When it is determined at S606 that there exists data for the present temperature of the battery 110 and the present temperature of the electronic device 100 with “N” battery cycle, then at S610, the method may include reading average capacity from the battery profile and unusable capacity from the characteristics of the battery 110. In an embodiment, the charging current controlling unit 132(d) may be configured to read the average capacity from battery profile and unusable capacity from the characteristics of the battery 110.

At S612, the method may include calculating the optimized rate of charge based on the battery profile and unusable capacity from the characteristics of the battery 110. The unusable capacity may be calculated based on the present state of the battery 110 and the present state of the electronic device 100.

FIG. 7 is a flowchart illustrating a method for accumulating charging/discharging current using coulomb counting, according to an embodiment of the disclosure.

Current may be read positive when discharging the battery 110 and negative when charging the battery 110. The current and voltage of the battery 110 may be read synchronously and resolution may be determined based on conversion of analog values to digital values. FIG. 7 gives an example of counter which restarts when a voltage level is changed by “N” mV.

Referring to FIG. 7, at S702, the method may include accumulating the charging or discharging current. In an embodiment, the battery management system 130 may be configured to accumulate the charging or discharging current. Further, at S704, the method may include detecting changes in the voltage. Furthermore, at S706, the method may include storing data in a corresponding field (e.g., the battery profile) and set counter to zero.

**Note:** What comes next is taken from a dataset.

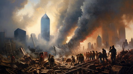 Imagining A Scenario Of Simulated Destruction, Resembling A Terrorist Attack, Monochrome Style. Сoncept Creating An Art Piece, Surreal Atmosphere, Emotional Impact, Dark And Eerie.

FIG. 8 is a flowchart illustrating a method for creating the temperature profile based on the usage information of each application in the electronic device 100, according to an embodiment of the disclosure.

Referring to FIG. 8, at S802, the method may include detecting that a new application is accessed in the electronic device 100. In an embodiment, the application management unit 135 may be configured to detect that the new application is accessed in the electronic device 100.

At S804, the method may include obtain and store temperature at which the new application was accessed, by the temperature profile unit 132(b).

At S806, the method may include monitoring the temperature and current during running the new application, by the temperature profile unit 132(b. For example, the temperature profile unit 132(b) may be configured to record temperature and current for every “N” cycle during running the new application, and further determine average of changes in temperature and current during running the new application.

At S808, the method may include storing data regarding the average of changes in temperature and current during running the new application. The data may be stored in the temperature profile.

FIG. 9 is a flowchart illustrating a method for regulating one or more applications based on specific temperature profile, according to an embodiment of the disclosure.

Referring to FIG. 9, at S902, the method may include detecting that the external power source is connected to the electronic device 100, by the source voltage monitor unit 140.

At S904, the method may include detecting one or more applications which are disabled during charging state. In an embodiment, the application management unit 135 may be configured to detect that one or more applications which are disabled during charging state.

At S906, the method may include detecting whether the disabled one or more applications are resumed in the electronic device 100. In an embodiment, the application management unit 135 may be configured to detect whether the disabled one or more applications are resumed in the electronic device 100.

When it is detected at S906 that disabled one or more applications are resumed in the electronic device 100, then at S908, the method may include providing a notification to a user to stop the resumed one or more applications. In an embodiment, the hazard detection unit 134 may detect a hazard to the battery due to resuming of the disabled one or more applications. Further, the recommendation unit 136 may be configured to recommend the user to stop running the one or more applications.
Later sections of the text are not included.